Pak Pendeta Simon menangkap keraguan Sylvie. "Bapak masih hidup, Sylvie, walau dalam tekanan dan intimidasi beberapa pihak. Dan, kamu perlu ingat satu hal, tidak ada hal yang tidak mungkin. Selalu ingatlah nats itu: 'Yesus memandang mereka dan berkata: 'Bagi manusia hal ini tidak mungkin, tetapi bagi Allah segala sesuatu mungkin.' Dari mana ayat tersebut, Sylvie?"
Spontan Sylvie menjawab, "Matius bab 19 ayat 26."

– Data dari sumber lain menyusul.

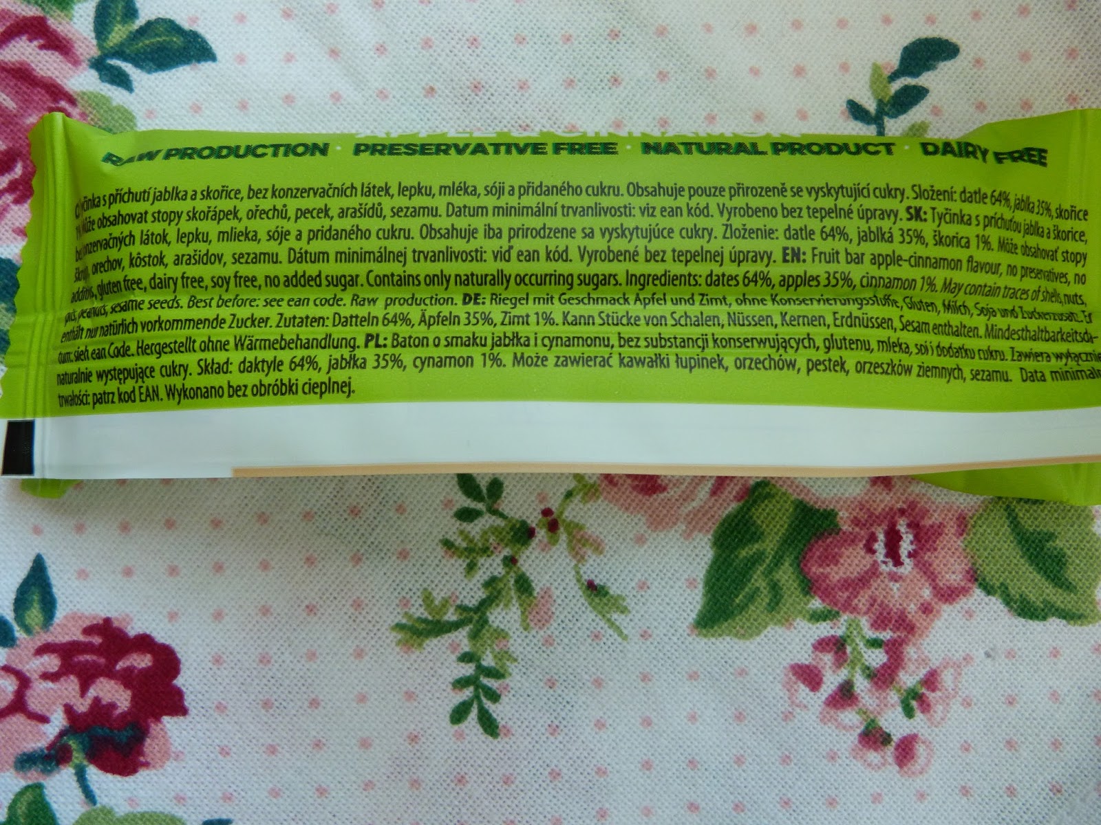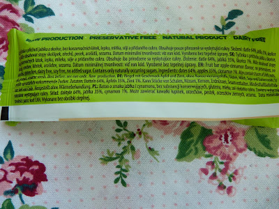 Wygląd i smak: Już na samym początku byłam bardzo pozytywnie nastawiona do tego batonika. Zieleń jego opakowania tak pozytywnie raziła w oczy, że człowiek odruchowo chce go zjeść :D Dodatkowo zachęca bezbłędny skład, który składa się tylko z daktyli, jabłka i cynamonu - dacie wiarę!? ;) Po szybkim rozpakowaniu moim oczom ukazała się bardzo ciemna, podłużna bryłka, która przepięknie pachniała cynamonem. Aromat był tak boski, że od razu ślinianki zaczęły intensywnie pracować. Kocham połączenie jabłka z cynamonem i uważam je za totalny fenomen! Jak sprawdziło się tutaj?

Pak Pendeta Simon mengangguk untuk sekadar memberikan apresiasi. "Baguslah kalau kamu masih ingat. Dan, sebaiknya jangan pedulikan Bapak. Urus saja dulu masalah kamu itu, juga kekasihmu tersebut."

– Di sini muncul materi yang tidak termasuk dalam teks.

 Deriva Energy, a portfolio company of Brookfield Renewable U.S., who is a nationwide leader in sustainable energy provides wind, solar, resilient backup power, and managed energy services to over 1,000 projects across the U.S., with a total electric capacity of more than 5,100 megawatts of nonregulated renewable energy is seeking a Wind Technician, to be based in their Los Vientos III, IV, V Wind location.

"Memang, Meneer, sedang ada masalah?"
Pak Pendeta Simon tak menjawab. Ia malah berkata, "Ingat, Sylvie, selalu hati-hati kalau kamu mengajukan doa dan permohonan pada Allah. Kalau kamu merasa doamu terkabul, ujilah. Mungkin bukan Allah yang mengabulkan doamu tersebut. Tak hanya setan dan iblis, manusia pun bisa merekayasa jawaban atas doa itu. Bapak bilang seperti ini karena Bapak menduga kelak kamu akan bermasalah dengan doa dan jawaban doamu. Keluarga Van Weiderveld, konon pula, memiliki orang-orang yang berkemampuan 'membaca' doa. Keluarga Maruap pun sama. Walau demikian, tetap kamu tak boleh takut untuk berdoa. Berdoa itu hukumnya wajib. Karena lewat doalah, manusia menjalin komunikasi dengan Allah dan makhluk-makhluk-Nya yang tak kasatmata. Jika tak berdoa, manusia kelak akan lupa terhadap asal-usulnya sendiri."

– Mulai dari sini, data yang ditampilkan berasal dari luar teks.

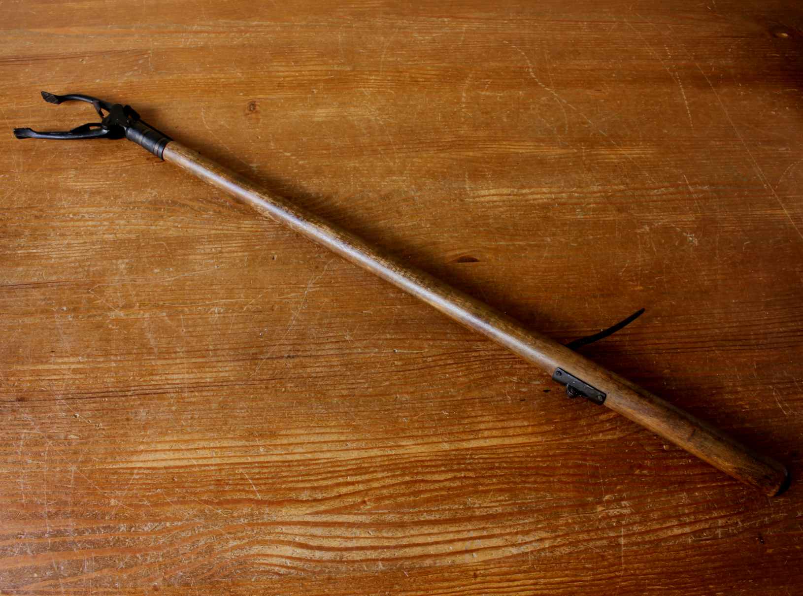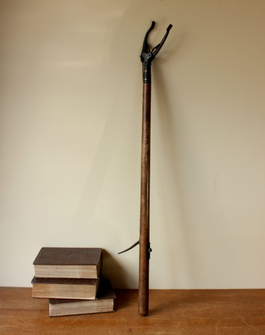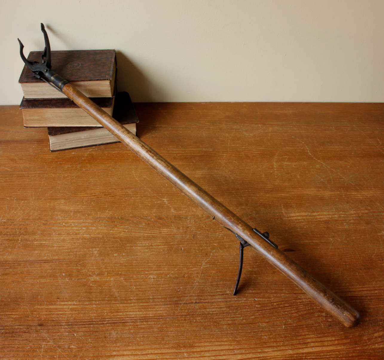 This antique reacher is 77 cm in length with a brass claw at the end and brass lever mechanism which all works well.

Itulah kata-kata terakhir Pak Pendeta Simon--entah langsung maupun secara batin--pada Sylvie. Berikutnya, hari-hari Sylvie makin terasa sangat sulit di hadapannya. Banyak hal dipertanyakannya, namun jawaban tak kunjung datang. Segalanya makin terasa sukar saat Sylvie mendengar Binsar meninggal. Ada yang bilang, Sylvie adalah dalang di balik meninggalnya abang dari Maruap. Faktor keluarga Van Weiderveld dan latar belakangnya menjadi salah satu pemicunya. Jaman itu, kebencian orang pribumi terhadap orang Eropa sangatlah besar. Segala hal yang berasal dari bangsa Eropa, seringkali mendapatkan anggapan miring dan negatif dari kaum pribumi. Dari arah sebaliknya pun sama. Bangsa Eropa seringkali menganggap rendah kaum pribumi sebagai kaum tak bermoral, kaum binatang, kaum hina, kaum tak terdidik, maupun--kasarnya--kaum berengsek (walaupun sebetulnya bangsa Eropa pun sama terkait kesamaan dalam hal alam roh atau supranatural, yang malah jauh lebih mengerikan).
Pak Pendeta Simon menyarankan Sylvie agar lebih berhati-hati dalam mengucapkan doa dan permohonan. Pendeta itu takut kelak Sylvie akan mengalami nasib seperti dirinya. Dulu dirinya pernah dikerjai. Disangkanya, doanya sudah terkabul. Nyatanya, dalam sebuah keheningan dan kesendirian, dua bulan kemudian, Simon sadar bahwa terkabulnya doanya bukan karena kehendak Allah. Ada kuasa lain yang melakukan intervensi. Betapa kagetnya saat mendengar bahwa pelakunya itu pemimpinnya sendiri. Pemimpinnya melakukan rekayasa, sehingga Simon harus dikirim ke sebuah daratan yang kelak bernama Singapura. Baginya, pelayanannya itu seperti sebuah pengasingan saja dari teman-teman sepelayanannya. Itulah sebabnya, Simon tak ingin Sylvie bernasib sama seperti dirinya. Terkaan Simon, dirinya dikirim itu karena berhubungan dengan kasus Sylvie dan Maruap. Mereka tak suka keterlibatan terlalu dalam Simon dengan keluarga Van Weiderveld, Konon pula, orang yang menugaskan Simon itu berasal dari keluarga Van Weiderveld. Mungkin terkait dengan bersembunyinya Sylvie di rumah Simon yang lama, yang berada di tanah Sumatera.